Turbulence is a fundamental unsolved problem, at whose core are the multiscale processes that transfer, for example, energy across the inertial range of scales, or momentum across wall-bounded shear flows. Turbulence is also key to applications, from industrial design and energy generation to climate dynamics, where the worst uncertainties are often due to its modelling. Its practical computation and control have been hindered by empirical models and boundary conditions, in large part because of insufficient understanding of the multiscale transfer just mentioned.

Direct simulations, without approximation, are expensive, but the past few years hace seen the appearance of larger computers and reasonably-priced disks that allow, for the first time, the compilation of time-resolved data sets of canonical turbulent flows with high enough Reynolds numbers to be truly multiscale, as well as the possibility of performing conceptual experimients on them.

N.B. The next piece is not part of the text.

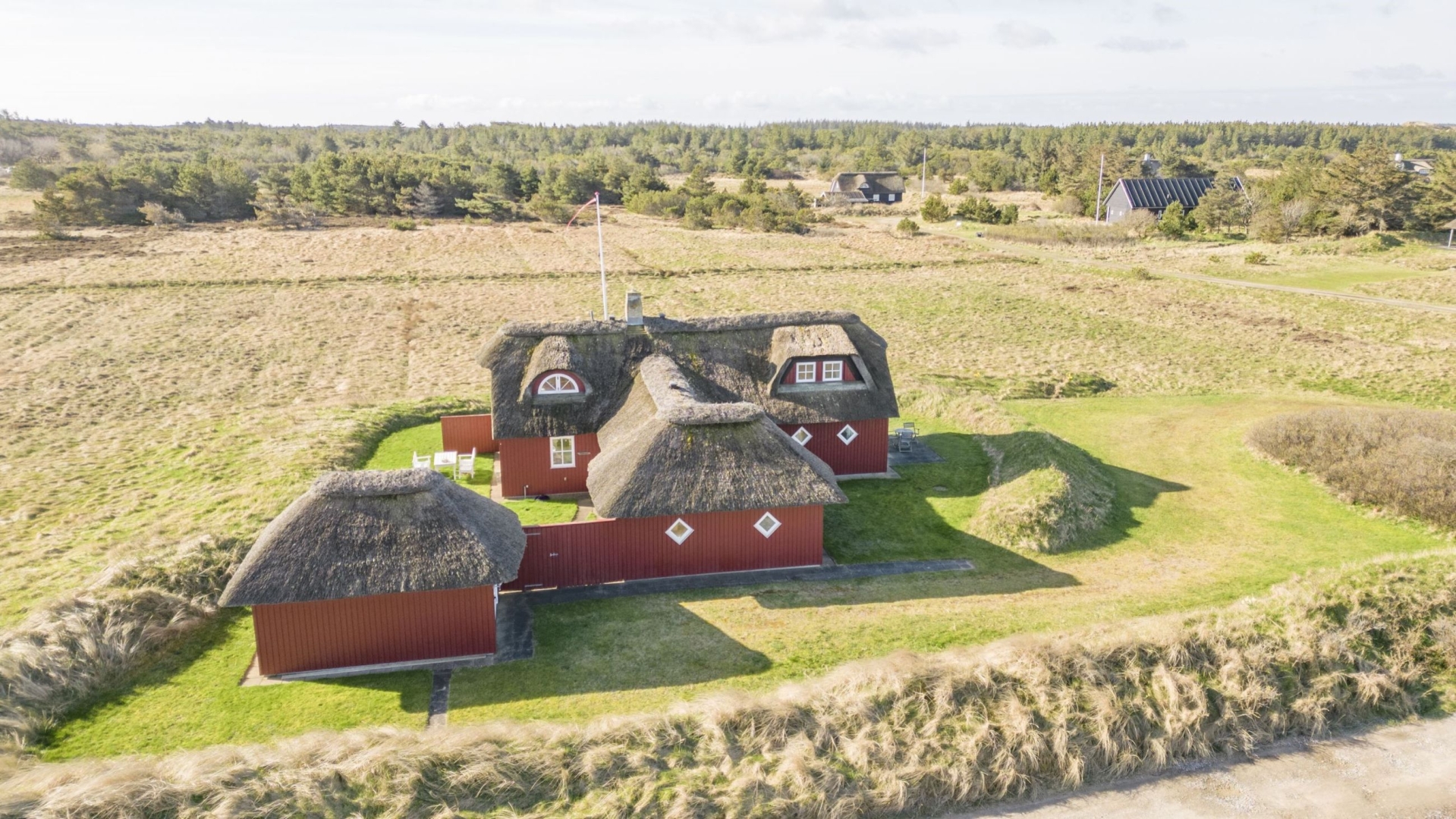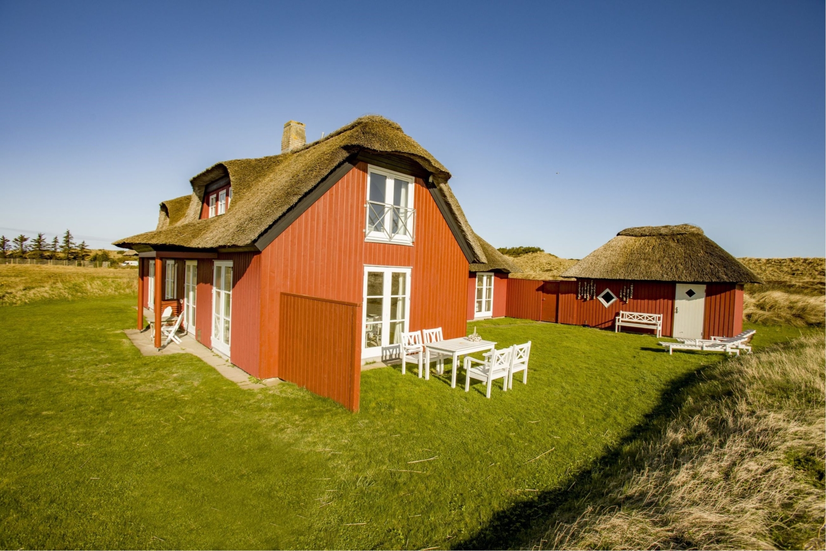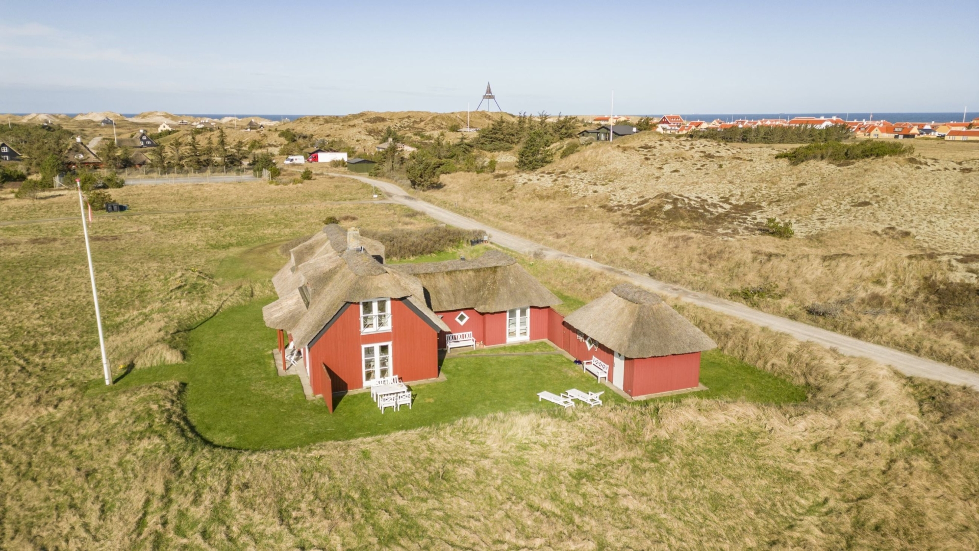 Yderligere er der garagebygning i samme idylliske og charmerende stil som sommerhuset med tilhørende udhus. Udenfor venter en velholdt have fyldt med idyl og ugeneret grund som afskærmes af klit - herunder en flagstang samt flere terrasser, der giver mulighed for afslappende solrige dage.
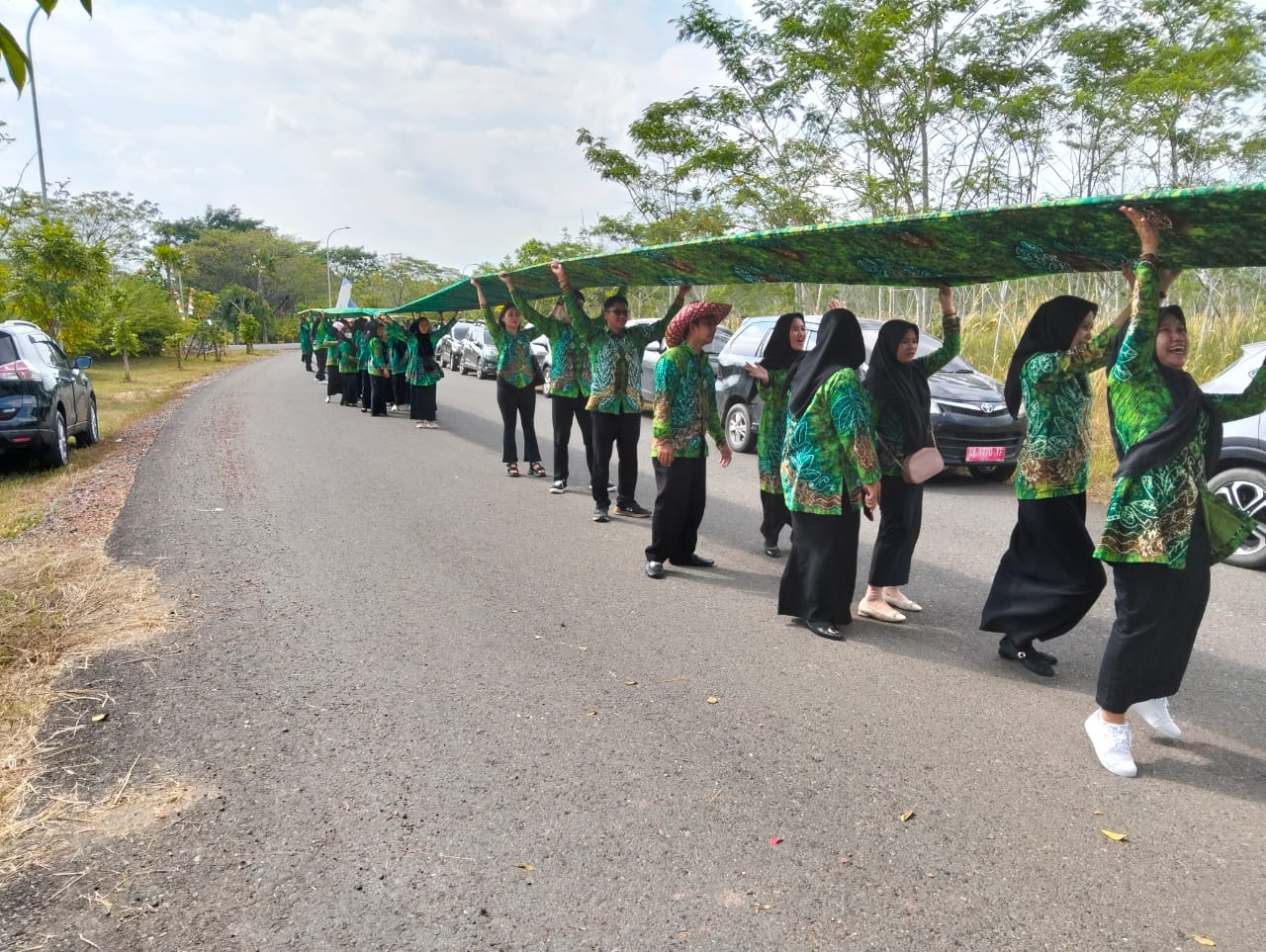 Masing-masing Satuan Kerja Perangkat Daerah (SKPD) yang mewakili Kabupaten Balangan membentangkan kain sasirangan sepanjang 50 meter dengan total 150 meter.

The premise of this proposal is that those new capabilities should allow us to elucidate, once and for all, the physics underlying the multiscale transfer processes in turbulence in the next five years, especially in shear flows near walls. That will allow the formulation of more realistic engineering models, but the immediate goal of the proposal is to answer the fundamental questions that hace resisted two centuries of attack by physicists and engineers. An important part of the work will involve adapting simulation codes to the new computer architectures expected in the next few years. Neither large-scale computing nor data mining are trivial activities, but our group has specialised in both during the past 20 years, particularlu for the study of turbulence.